American History X made me think about what I was really advocating. While I believe that circumstances sometimes dictate unfortunate situations, which has been the case for African Americans, for American Indians, for everyone who has ever come to this country, in fact, I found myself thinking the victim was worth blaming. That's the bottom line. I have to own that. The victim is never worth blaming. In attempting to come to a full understanding of what was happening, I found myself thinking along lines that were the opposite of what I believe. I say I'm a tolerant guy. I was raised Catholic. Catholics have some pretty strict ideas about certain things. Some of those ideas I agree with, and some I don't. It's never okay to say someone isn't allowed to do or be something because of who they are. We're all individuals just trying to fit in. The more we work together, the better. Coming from someone who definitely has had problems fitting in, that means something to me, maybe not the same way it means to a black man, or a gay man, or any other version of the basic human model you can think of, but it connects me, it means I belong in the same quagmire, and that I have no right muddling things just because I don't understand something.
A blog I used to follow, which isn't particularly active now, was part of the implosion, in part because it was increasingly advocating certain things without following my particular criteria, which when I say it like that it sounds ridiculous. The problem became, I felt isolated from an experience I had previously been a part of. And hey, that happens. As much as we struggle to fit in, we have to also realize that the irony is, nothing lasts forever. The thing we try so desperately to be a part of is the same thing we will eventually leave behind. Things change.
The UK exit from the European Union happened, and at first I didn't get why it was such a bad thing. But again, it's the separation effect. Trump as the presumptive Republican presidential nominee, I just didn't get why people loathed the idea so much. But advocating walls around the country? Listen, I rationalized that he says whatever he thinks people want to hear. I say to myself, this is what happens when the Democrats spend years isolating Republicans. The truth is, Trump isn't presidential material. And maybe I've been too hard on the Clintons. They just finished announcing more ways in which a Clinton has failed on a human level, but the truth of the Clintons is the same today as it was twenty-five years ago: these are politicians through and through, and they are, despite themselves, very human, too. There's a Clinton in contention again for a reason, because they know how to play the game. Everything else is divisiveness. I talked recently about how the Democrats have played that game this millennium, because the Republicans played it before them, etc.

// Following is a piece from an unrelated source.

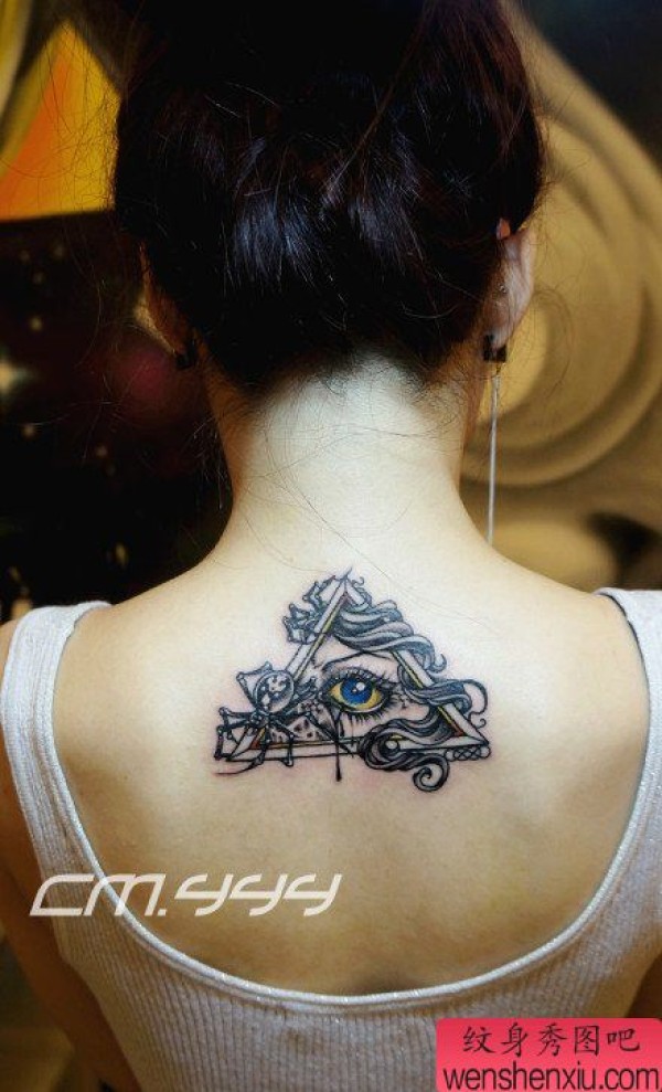 女生后背时尚经典的蜘蛛与眼睛纹身图案

But the truth is, regardless of what a Clinton does, I think we're at a point where we're going to emerge from all this nonsense. This whole campaign season has proven that we've all pushed too far.

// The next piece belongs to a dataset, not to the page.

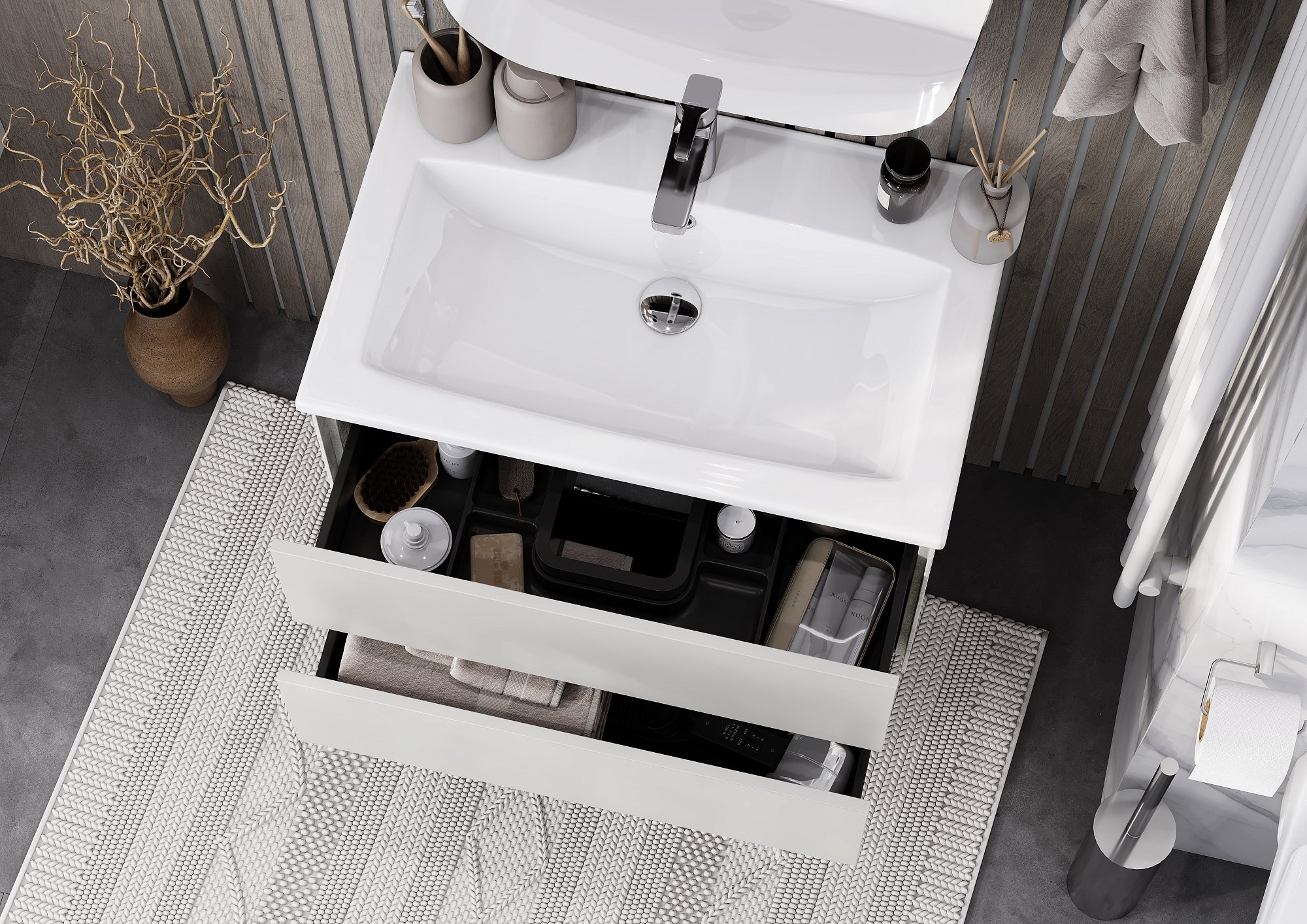 Тумба под раковину AQUATON Сохо — это серия подвесных моделей в современном стиле, доступная в размерах 60, 75 и 100 см. Коллекция представлена в белом глянцевом исполнении, а также в комбинациях цветов «Слэйт/Галька серая» и «Графит софт/Дуб Веллингтон». Все тумбы оснащены дверцами с доводчиками и внутренними полками для практичного и организованного хранения.

And really, that's what it's all about. My working life has been pretty mediocre. At one point, I worked alongside immigrants who were more likely than not completely illegal, and I was the one who felt isolated. It made me feel uncomfortable, but then, I'm generally uncomfortable with the concept of other people in general, not because of who they are, but because of me, because I've never gotten the handle of other people. I'm an introvert. Hear me roar.

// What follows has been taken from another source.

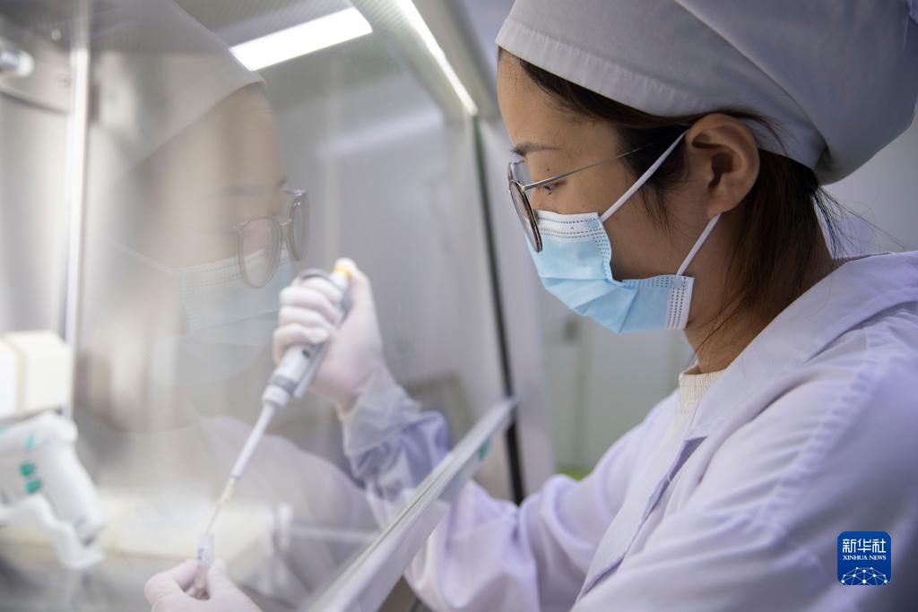 2022年6月20日,在位于中國(黑龍江)自由貿易試驗區哈爾濱片區的黑龍江天晴干細胞股份有限公司檢驗室內,工作人員對樣品進行檢驗。

I can never reset to how things were before last year, and in truth, it was probably inevitable, this exodus. I once had an idea that I could overcome my clumsiness around others, but the truth is, and I'm not bemoaning my fate, I can't dictate how others view me, regardless of whether it's positive or negative. All I can do is try and be fair toward others. This began because I suggested we needed to talk about Bill Cosby, when the real subject was something else entirely. We're once again at a cultural crossroads. We've recognized that society hasn't made as much progress in tolerance, in fairness, as we've sometimes led ourselves to believe. There are those who are rallying to the defense of victims, of those struggling to find their footing, and generally they're absolutely right, and it's generally wrong to say otherwise.
I just thought I should acknowledge that.